Tip: Cultivated wild rice (farmed in flooded fields), is readily available in most grocery stores. If you have an opportunity to try true wild rice, as shown in the 2nd photo above, I think you will be pleasantly surprised. It has a light smoky and nutty flavor and a nice crunch. It’s definitely more expensive, so you may want to use the cultivated variety in a recipe like this salad and save the true wild rice for a dish where you can fully appreciate its deliciousness. 🙂
1/4 cup brown rice
1 cup wild rice
2 cups low-sodium chicken broth
1/4 cup chopped raw pistachios (out of shell)

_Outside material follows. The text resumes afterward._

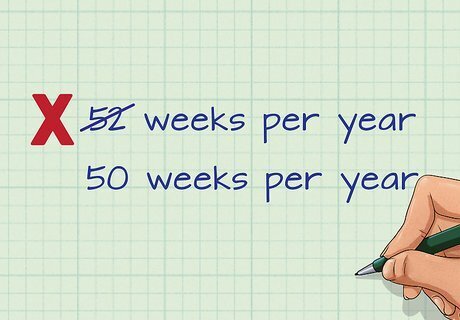 Make modifications for sick time, vacation, or a leave of absence. If you get paid for vacation time or when you're out sick, then you don't need to make any changes to your annual salary. But if your employer doesn't pay you when you're out on vacation or sick, then this in effect changes the number of weeks you get paid in a year. If you take 2 weeks of vacation each year, then you work only 50 weeks per year instead of 52. You need to use 50 weeks to calculate your annual salary instead of 52.

1-2 tsp finely grated orange zest
1 or 2 oranges, peel and pith removed; segmented (Note: Cut segments from oranges over a small bowl. Add any juice that drips into the bowl to the dressing below.)
10 large basil leaves, sliced into ribbons(about 1/4 cup)
1/4 cup minced red onion
Combine brown rice, wild rice, and chicken broth in a saucepan; bring to a boil. Cover, reduce heat, and simmer until all liquid is evaporated and rice is fully cooked, 45 to 55 minutes. Remove from heat and cool completely. (Note: Rice can be made a day or two ahead. Keep covered in refrigerator until ready to make salad.)
Toast nuts in a dry skillet over medium heat until fragrant, stirring constantly and watching closely. When lightly toasted, remove from skillet onto a paper towel and set aside to cool.
Transfer rice to a medium bowl. Add orange segments, basil, red onion, pistachios, and orange zest; mix lightly to combine.
3 Tbsp red wine vinegar
3 Tbsp olive oil
1 Tbsp (or more) orange juice
1 tsp Dijon mustard
1/2 tsp honey
1/4 tsp sea salt
1/4 tsp freshly ground black pepper
In a small bowl, whisk together red wine vinegar, olive oil, orange juice, mustard, honey, salt & pepper. Pour about 3/4 of dressing over the rice mixture and toss. Taste for seasoning; add remaining dressing if needed, or if not serving soon, save it to toss with the salad just before serving.